There are various other ways to find a part-time job in St Andrews. Websites such as Indeed, Totaljobs and Save the Student can be helpful. The University of St Andrews also has a jobs vacancy portal. Remember that some smaller, local employers may decide not to advertise their vacancies electronically, but within their own stores, so inquiring in-person may be worthwhile.  Simply pop into a shop, café or restaurant and hand in your CV.  Explain that you are a student at the university and how many hours you are available to work.

Read our part-time jobs blog post for further advice.

How to avoid job and opportunity scams

Caroline McWilliams, CV Adviser, gives her advice on how to spot fake job opportunities and recruitment scams.

A world in which we could trust every person and every advertisement would be an idyllic one. Sadly, this is not our current world, and it is important to be aware when looking for a future job. Most job advertisements on trusted job listing sites will be genuine but it is easy for scams to hide amongst the true ones. These scams seek to obtain your personal details or to have you pay money upfront for services.

We have compiled a list of ten questions to ask yourself about each job you consider. While this is not foolproof, it should weed out the majority of scams.

1. Does the job seem too good to be true?

With most things in life, if a job, especially if it is entry-level, seems too good to be true, make sure you question all aspects. Perhaps it offers more benefits than you have ever seen before, or the flexibility seems like it might detract from the position’s effectiveness.

2. Is the pay offered extremely high?

Always compare the offered salary with other jobs in the sector. If it is much higher than average, be on your guard. Additionally, if the job is advertised as freelance or solely based on commission, ask yourself if this is normal for the job sector.

3. Are you being rushed?

This does not mean that the job application deadline is tomorrow, and you have only just found the advertisement. If you are being pressured to give an answer to an offer or to provide the supposed company with your details, take a step back and ask yourself if it seems safe.

4. Have you been given an offer before your application or interview?

Even if you are headhunted for a role, a basic application and at least one interview should be part of the normal process.

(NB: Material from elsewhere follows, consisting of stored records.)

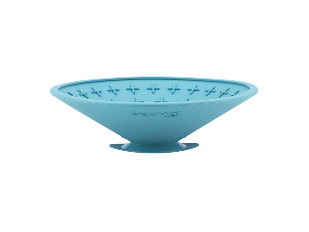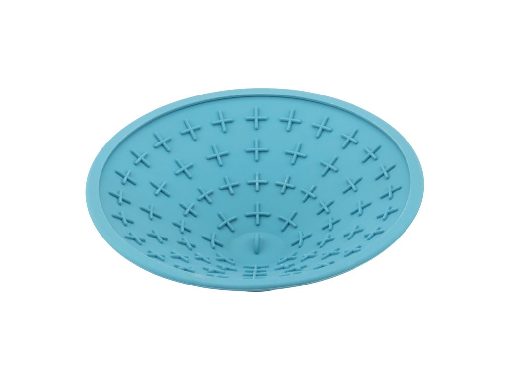 LickiMat® Splash™ je lízací podložka pro psy a kočky se silnou přísavkou, která se připevní na hladké povrchy, jako jsou dlaždice, sklo nebo vana, a pomáhá tak zklidnit a zabavit zvíře například během koupání nebo péče o srst.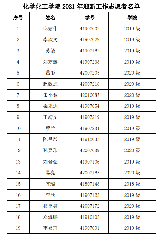 根据《关于招募十博(10bet)亚洲官方网站 2021年迎新工作志愿者的通知》要求,按照十博(10bet)亚洲官方网站 2021年迎新志愿者招募条件,通过公开招募、自愿报名、择优录取,拟定邱宏伟等58名同学为活动志愿者,现予以公示。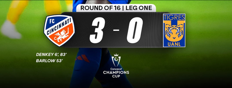 El FC Cincinnati firmó una noche perfecta y dio un golpe de autoridad en la ida de los octavos de final de la CONCACAF Champions Cup al derrotar 3-0 a Tigres UANL, dejando a los felinos al borde de una eliminación temprana.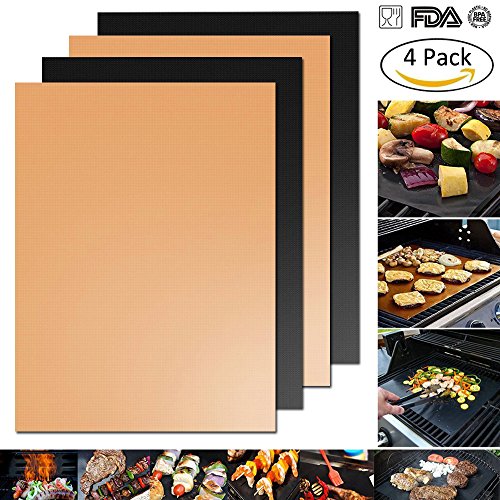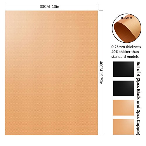 Grill Mat - Set Of 4 Non-Stick BBQ Grilling & Baking Sheet - FDA Approved,Durable,Teflon,Reusable PTFE Coated Cooking Liner - Works on Gas,Charcoal,Electric Barbecue - 16.75''x13''(2 Black+2 Copper)

5. Are the job descriptions and requirements very vague?

Job descriptions vary in length, but they should typically feature a company profile, a description of the specific job, and a person specification. Vague scam job descriptions seek to draw you in and never actually answer the most basic questions.

6. Does the communication you are receiving seem unprofessional?

Perhaps there are inconsistencies in syntax or grammar. Perhaps there are lots of spelling mistakes. These can be key indicators of scams.

7. Does the company have a website or social media accounts?

If a job is not legitimate, you may struggle to find information on the company.

8. Can you find details of the employers and employees?

Are there profiles on the website of key company members? Can you find their contact details? Do they have LinkedIn profiles? If you cannot find any details, it may be an indicator that the company does not exist or does not exist in the form it claims to.

9. Does the company require upfront payment?

While you may need to factor in costs related to travelling for interviews, a legitimate company should never ask you for money.

10. Is there expensive training that you are required to fund yourself?

If a company is asking you to complete expensive training before giving you a final offer, they may simply be trying to sell you a product.